_Work to complete_
All the entries need to be quoted exactly, apart from the pictures, which you should drop.

Content starts

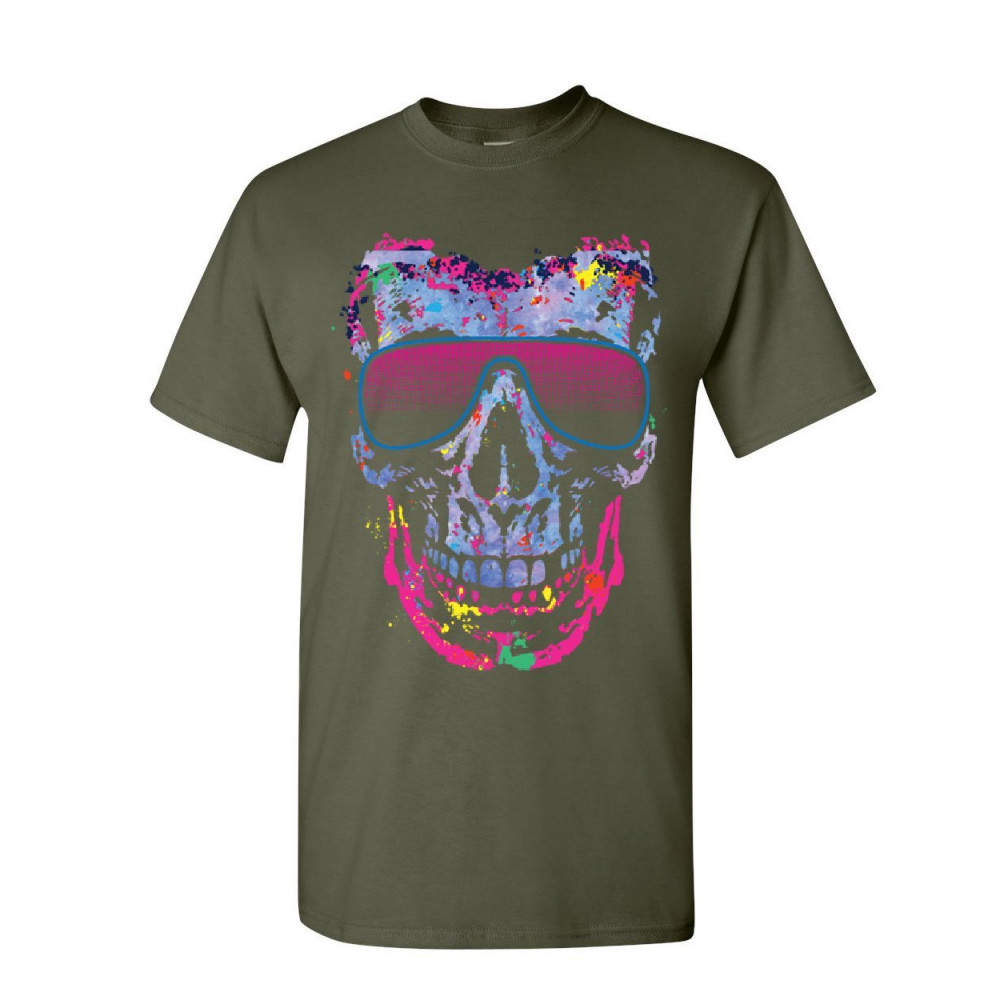 NEON SKULL SUNGLASSES t-shirt swag multicolor music edm rave pop mens tee shirt military green
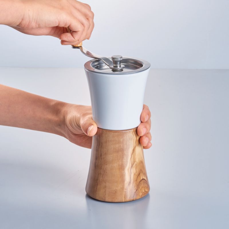 This elegantly crafted ceramic and olive wood coffee hand grinder is the latest addition to the Hario Olive Wood range. This stunning design is a combination of both the classic Skerton Grinder mixed with the Mini Mill, except it has a sleeker, more comfortable design that fits comfortably in your hand.
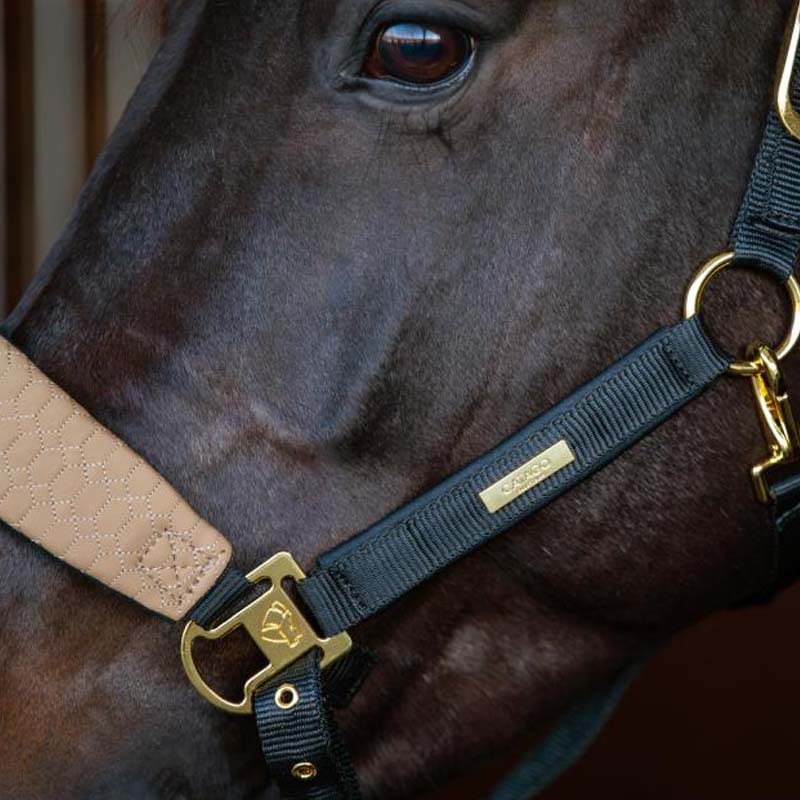 Kantar ma regulację po obu stronach potylicy oraz miękką wyściółkę z poliestru dla większego komfortu. Regulowany nachrapnik ma to samo miękkie wypełnienie. Luksusowe okucia z tłoczonym logo i metalowa plakietka z emblematem CATAGO dopełniają całość.
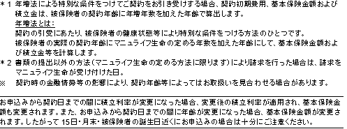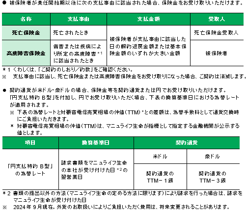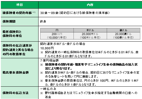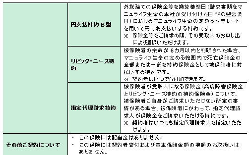 <通貨選択型一時払終身保険『マニュライフ終身保険〈円建/外貨建〉』 別紙>
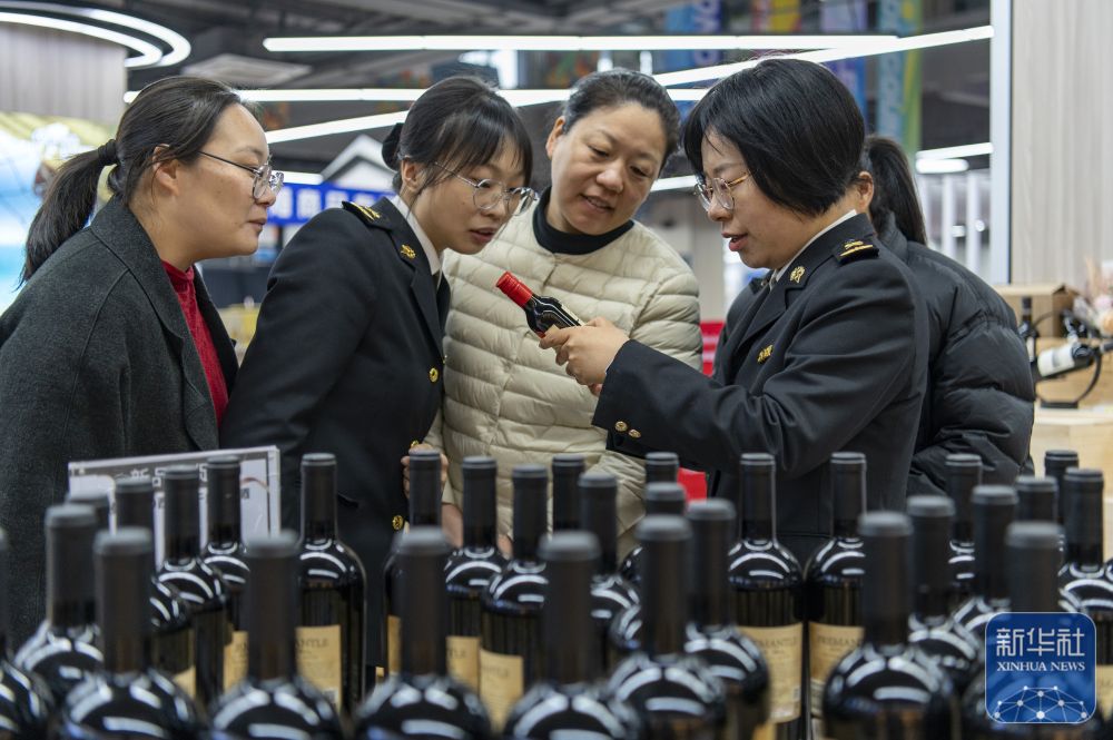 3月14日,浙江省金华市金义综保区进口商品直购中心内,金华海关关员向前来购买跨境商品的顾客介绍质量安全风险和选购提示。新华社发(胡肖飞摄)
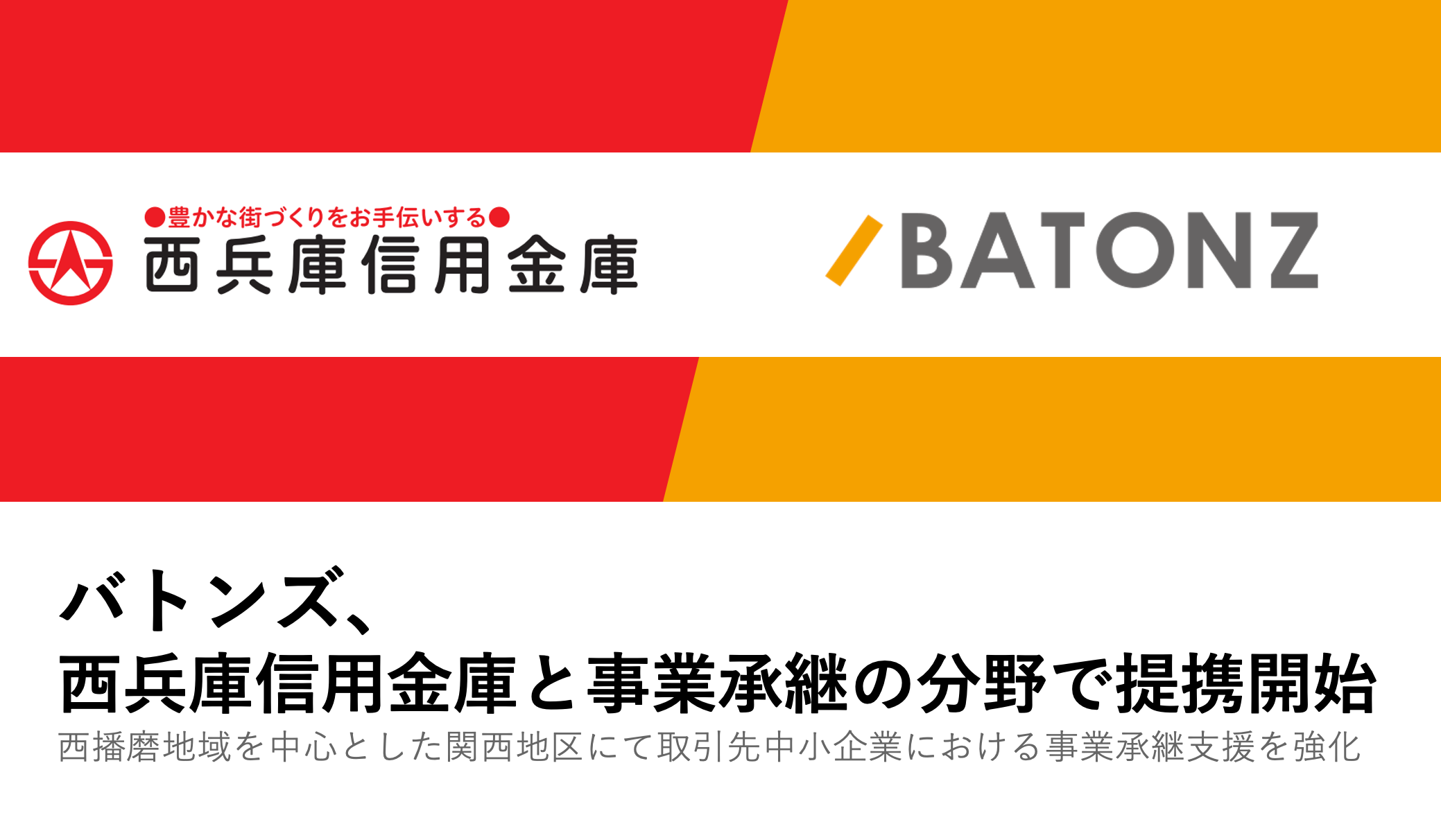 今回の提携では、後継者のいない中小企業・小規模事業者の第三者承継・M&Aをより推進するため、西兵庫信用金庫とバトンズが連携し、事業承継支援ネットワークを強化します。これにより、西播磨地域を中心とした後継者不在企業の事業承継を推進して価値ある事業を次世代へとつなげることで、雇用を守り地域経済の活性化を図ることを目的としています。
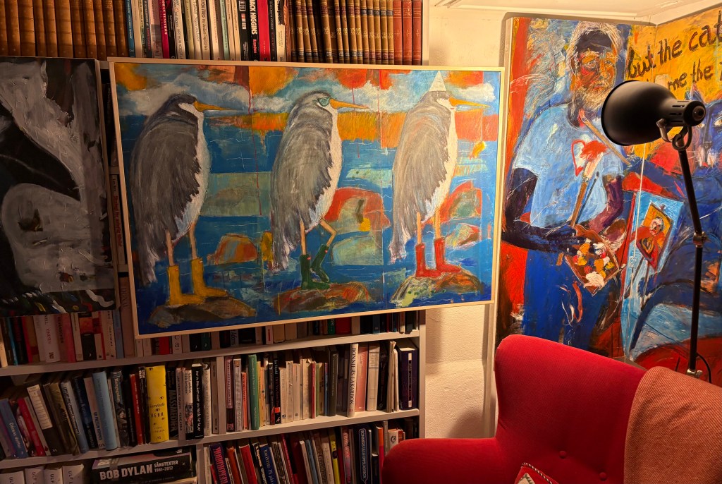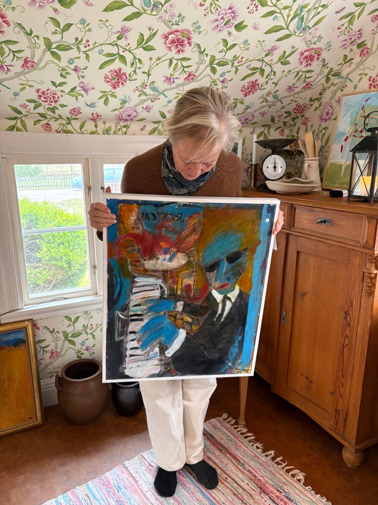 Ett 30-tal utställningar – och sextio år senare – har jag vernissage i vårt torp i Gökalund. Det är en slags lagerrensning, döstädning om man så vill. Det gick bra. Vem av oss som är mest omdömeslös är oklart. Av 115 verk säljer jag fyrtiofem (45!) under fem timmar. – Sååå roligt!

Content ends

_Result of the exercise_
 NEON SKULL SUNGLASSES t-shirt swag multicolor music edm rave pop mens tee shirt military green
 This elegantly crafted ceramic and olive wood coffee hand grinder is the latest addition to the Hario Olive Wood range. This stunning design is a combination of both the classic Skerton Grinder mixed with the Mini Mill, except it has a sleeker, more comfortable design that fits comfortably in your hand.
 Kantar ma regulację po obu stronach potylicy oraz miękką wyściółkę z poliestru dla większego komfortu. Regulowany nachrapnik ma to samo miękkie wypełnienie. Luksusowe okucia z tłoczonym logo i metalowa plakietka z emblematem CATAGO dopełniają całość.
 <通貨選択型一時払終身保険『マニュライフ終身保険〈円建/外貨建〉』 別紙>
 3月14日,浙江省金华市金义综保区进口商品直购中心内,金华海关关员向前来购买跨境商品的顾客介绍质量安全风险和选购提示。新华社发(胡肖飞摄)
 今回の提携では、後継者のいない中小企業・小規模事業者の第三者承継・M&Aをより推進するため、西兵庫信用金庫とバトンズが連携し、事業承継支援ネットワークを強化します。これにより、西播磨地域を中心とした後継者不在企業の事業承継を推進して価値ある事業を次世代へとつなげることで、雇用を守り地域経済の活性化を図ることを目的としています。
 Ett 30-tal utställningar – och sextio år senare – har jag vernissage i vårt torp i Gökalund. Det är en slags lagerrensning, döstädning om man så vill. Det gick bra. Vem av oss som är mest omdömeslös är oklart. Av 115 verk säljer jag fyrtiofem (45!) under fem timmar. – Sååå roligt!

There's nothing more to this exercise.